London-based Slamcore today announced it has raised $5 million to develop and commercialize AI algorithms that give robots better positional awareness in any environment.
Simultaneous localization and mapping — or SLAM, as it’s known — is a decades-old computational problem centered on how best to get robots, drones, and other autonomous entities to move around a given environment without bumping into other things. Garnering accurate positional awareness in dynamic or unmapped surroundings is no easy feat, particularly when indoors or in built-up areas where GPS is less effective. Thus, engineers have been setting out to develop algorithms that can both map a new environment and guide the robot through that space at the same time, using data gathered from on-device sensors such as cameras, sonar, radar, and lidar.
And that is effectively what Slamcore is setting out to achieve, with “spatial AI” smarts that help robots and drones glean deeper situational understanding from sensor data.
According to Slamcore cofounder and CEO Owen Nicholson, robots should be able to answer three questions accurately: Where am I in 3D space? Where are the objects around me? and What are the objects around me? But it’s all too common an occurrence for at least one of these questions to draw a blank.
“The number one cause of failure for a robotic system is when the robot gets the answer to one of these questions wrong,” Nicholson told VentureBeat. “Another way to put this is when there is a discrepancy between what the robots thinks the world is — and its position within it — and reality. This is what leads to a robot crashing into something, getting lost, or failing to get back to the charging station in time.”
Arguably, the most intriguing part of Slamcore’s proposition is the semantics it promises to bring spatial understanding, helping robots answer the “what are the objects around me” question. Garnering an accurate position in relation to an environment is important, but understanding the different objects in that space can bring extra context to help a robot build more accurate maps. For example, a dynamic object — such as a person or forklift truck — will likely move around frequently; thus, it shouldn’t be mapped in the same way as a table or a wall.
It’s also worth noting that while machine learning does factor into Slamcore’s technology, the company says that the majority of its algorithms are designed on “first principles,” which means no training data is required. “This makes it much more reliable when operating in the real world,” Nicholson said.
Rise of the machines
Robots have been steadily infiltrating society for years through gadgets such as automated vacuum cleaners, but the COVID-19 crisis has seemingly increased demand for technology that reduce the need for human-to-human contact — this has helped robotic baristas and cleaners gain traction. Drones too have broken into the spotlight via medical supply deliveries, while aerospace systems giant Honeywell this week launched a new business unit aimed at the autonomous aviation space, covering drones, air taxis, and unmanned cargo delivery vehicles.
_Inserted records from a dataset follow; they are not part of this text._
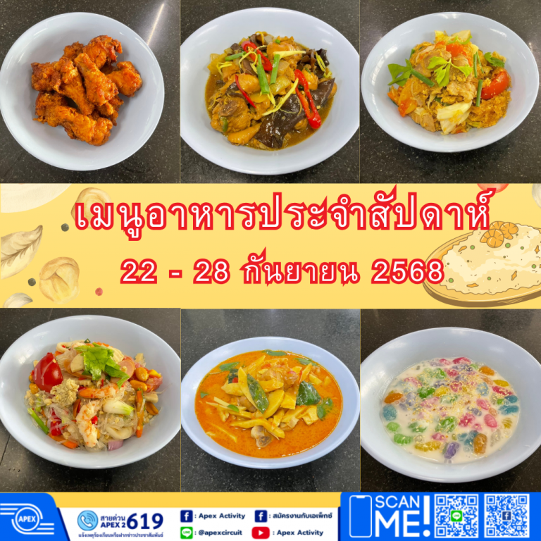 เมนูอาหารประจำสัปดาห์วันที่ 22 – 28 กันยายน 2568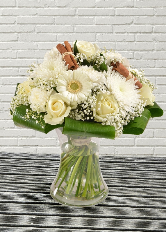 A Stunning handtied bouquet in whites and greens, the perfect Winter and Festive gift.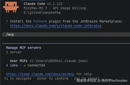 第三步:验证连接。在 Claude Code 里输入 /mcp。

Augmented reality (AR) and virtual reality (VR) have also gained widespread attention through the pandemic, as companies and consumers have sought new ways to interact with each other from afar. These areas are also heavily reliant on spatial intelligence technology.
“Both a robot and an AR/VR headset require spatial intelligence in order to operate,” Nicholson said. “They both need to track their position relative to the static world as they move through space. A robot uses this information to control its wheels and motors to get from A to B; a headset uses this information to continually update the 3D graphics so that the virtual world appears locked in reality.”
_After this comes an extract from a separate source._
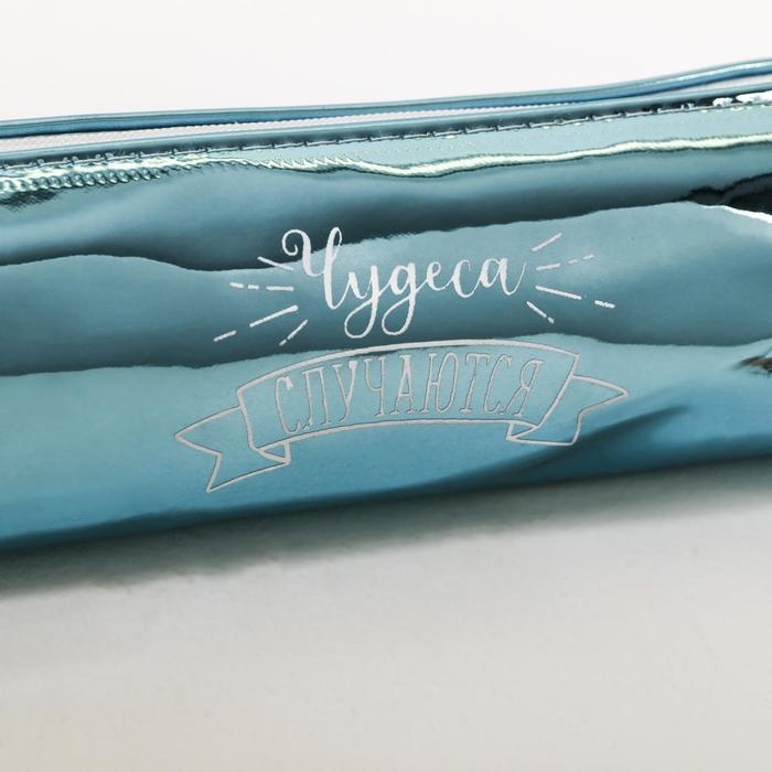 Пенал мягкий 1 отделение, 80 х 190 х 30 мм, кожзам зеркальный "Чудеса случаются" зелёный

Slamcore, too, said that it has seen inquiries to gain early access to its alpha program increase by 50% in the wake of the COVID-19 crisis.
There are of course many intelligent, spatially aware products on the market already, but they are typically built by deep-pocketed companies such as Microsoft with HoloLens and iRobot with its Roomba robotic vacuum cleaner. But Slamcore is looking to bring this type of functionality and intelligence to devices of all shapes, sizes, and price points. It also wants to do so without relying on existing open source technologies that may not be good enough for commercial use.
“Open source solutions, whilst good enough for demos and proof-of-concepts, were not designed for commercial use and therefore most companies run into issues as they try to scale,” Nicholson explained. “At this point, companies try to modify or build solutions from scratch but due to the complexities involved, it is just not achievable for all but the largest of companies.”
Over the past year, Slamcore said it has conducted a series of alpha-tests with a range of startups and multi-national corporations in the U.S., U.K., South Korea, Japan, Taiwan, and Singapore. “Our system has been tested on industrial robots, inspection drones, hospitality robots, and construction robots, to name a few,” Nicholson added.
Slamcore was spun out of London’s Imperial College back in 2016, and today claims a team of 25 which includes PhD graduates spanning computer vision and robotics. Prior to now the company had raised $5 million, and with another $5 million in the bank from Octopus Ventures, MMC Ventures, Toyota AI Ventures, and Amadeus Capital Partners, it is well financed to cater to the “growing demand” for its spatial AI software development kit (SDK).